Blood tests. Blood tests are used to confirm an infection and to try to identify the type of organism causing the infection. However, precise identification isn’t always possible.
Chest X-ray. A chest X-ray looks for inflammation in your lungs. This helps your doctor diagnose pneumonia and determine the extent and location of the infection. However, it can’t tell your doctor what kind of germ is causing the pneumonia.
Pulse oximetry. Pulse oximetry measures how much oxygen is in your blood. Pneumonia can prevent your lungs from moving enough oxygen into your bloodstream. To measure the levels, a small sensor called a pulse oximeter is attached to your finger or ear.
Sputum test. A sample of fluid from your lungs (sputum) is taken after a deep cough and analyzed to help pinpoint the cause of the infection and to find out what germ is causing your pneumonia.

Your doctor might order additional tests if you’re older than age 65, are in the hospital, or have serious symptoms or health conditions. These may include:

CT scan. If your pneumonia isn’t clearing as quickly as expected, your doctor may recommend a chest CT scan to obtain a more detailed image of your lungs. Chest CT scan can also show whether you have complications such as lung abscesses or pleural disorders. A CT scan shows more detail than a chest X-ray.
Arterial blood gas test. A blood gas test may be done if you are very sick. For this test, your doctor measures your blood oxygen levels using a blood sample from an artery, usually in your wrist.
Blood culture. A blood culture is a test that checks samples of your blood for the presence of disease-causing germs like bacteria and fungi. During blood culture test, a blood sample is placed in a special container in a laboratory and watched to see if germs grow. Blood culture testing is frequently used to identify the germ causing your pneumonia and determine if germs have entered the bloodstream. A blood culture test identifies the specific germ causing an infection and enables further testing to determine what type of treatment may be most effective.
Polymerase chain reaction (PCR) test quickly checks your blood or sputum sample to find the DNA of germs that cause pneumonia.
Bronchoscopy looks inside your airways. If your treatment is not working well, this procedure may be needed. At the same time, your doctor may also collect samples of your lung tissue and fluid from your lungs to help find the cause of your pneumonia.
Pleural fluid culture. A fluid sample from the pleural space between your lungs and chest wall is taken by putting a needle between your ribs from the pleural area (thoracentesis) and analyzed to help determine the type of infection.

Pneumonia treatment

Treatment for pneumonia depends on the type of pneumonia you have, which germ is causing it, how severe your symptoms are, how healthy you are overall and your age.
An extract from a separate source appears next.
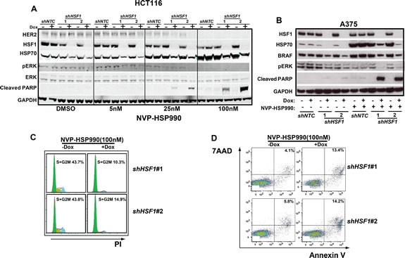 Figure 4: Combination of HSF1 knockdown and HSP90 inhibitor leads to a decreased level of p-ERK and an increased cell apoptosis rate. A. Western blotting analysis of HCT116 cells expressing the inducible shHSF1 treated with different doses of NVP-HSP990. shNTC or shHSF1 transduced HCT116 cells were treated with or without Doxycycline for 3 days and were further treated with different doses of NVP-HSP990 for 48h. B. Western blotting analysis of A375 cells expressing the inducible shRNA treated with different doses of NVP-HSP990. shNTC or shHSF1 transduced A375 cells were treated with or without Doxycycline for 3 days and were further treated with NVP-HSP990 100nM for 48h. C. Cell cycle analysis of A375 cells treated with NVP-HSP990 with or without HSF1 knockdown. shHSF1 transduced A375 cells were treated with or without Doxycycline for 3 days and were further treated with NVP-HSP990 100nM for 48h. The percentage of S+G2M cells were determined by PI staining. D. Cell apoptosis analysis of A375 cells with HSF1 knockdown and NVP-HSP990 treatment. shHSF1 transduced A375 cells were treated with or without Doxycycline for 3 days and were further treated with NVP-HSP990 100nM for 48h. The apoptotic cells represented by 7AAD+AnnexinV+ were determined by FACS.

The goals of treatment are to cure the infection and prevent complications. It is important to follow your treatment plan carefully until you are fully recovered.
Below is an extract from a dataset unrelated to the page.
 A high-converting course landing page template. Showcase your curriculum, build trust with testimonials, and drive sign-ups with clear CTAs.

Treatment for pneumonia may include:

Antibiotics treat bacterial pneumonia and some types of fungal pneumonia. They do not work for viral pneumonia.
In some cases, your doctor may prescribe antiviral medicines for viral pneumonia
Antifungal medicines treat other types of fungal pneumonia

You may need to be treated in a hospital if your symptoms are severe or if you are at risk for complications. While there, you may antibiotics given through an intravenous (IV) line and oxygen therapy. For example, if your blood oxygen level is low, you may receive oxygen therapy.
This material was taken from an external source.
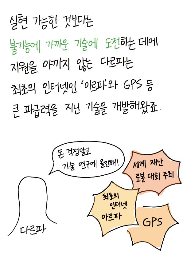 실현 가능한 것도다는 불가능에 가까운 기술에 도전하는데에 지원을 아끼지 않는 다르파는 최초의 인터넷인 '아르파'와 GPS등 큰 파급력을 지닌 기술을 개발해왔죠.

It may take several weeks to recover from pneumonia. Some people feel better within a week. For other people, it can take a month or more.

Mild pneumonia can usually be treated at home by:

getting plenty of rest
taking antibiotics
drinking plenty of fluids

If you don’t have any other health problems, you should respond well to treatment and soon recover, although your cough may last for some time.

It’s usually safe for someone with pneumonia to be around others, including family members.

However, people with a weakened immune system are less able to fight off infections, so it’s best they avoid close contact with a person with pneumonia.

For at-risk groups, pneumonia can be severe and may need to be treated in hospital. This is because it can lead to serious complications, which in some cases can be fatal, depending on a person’s health and age.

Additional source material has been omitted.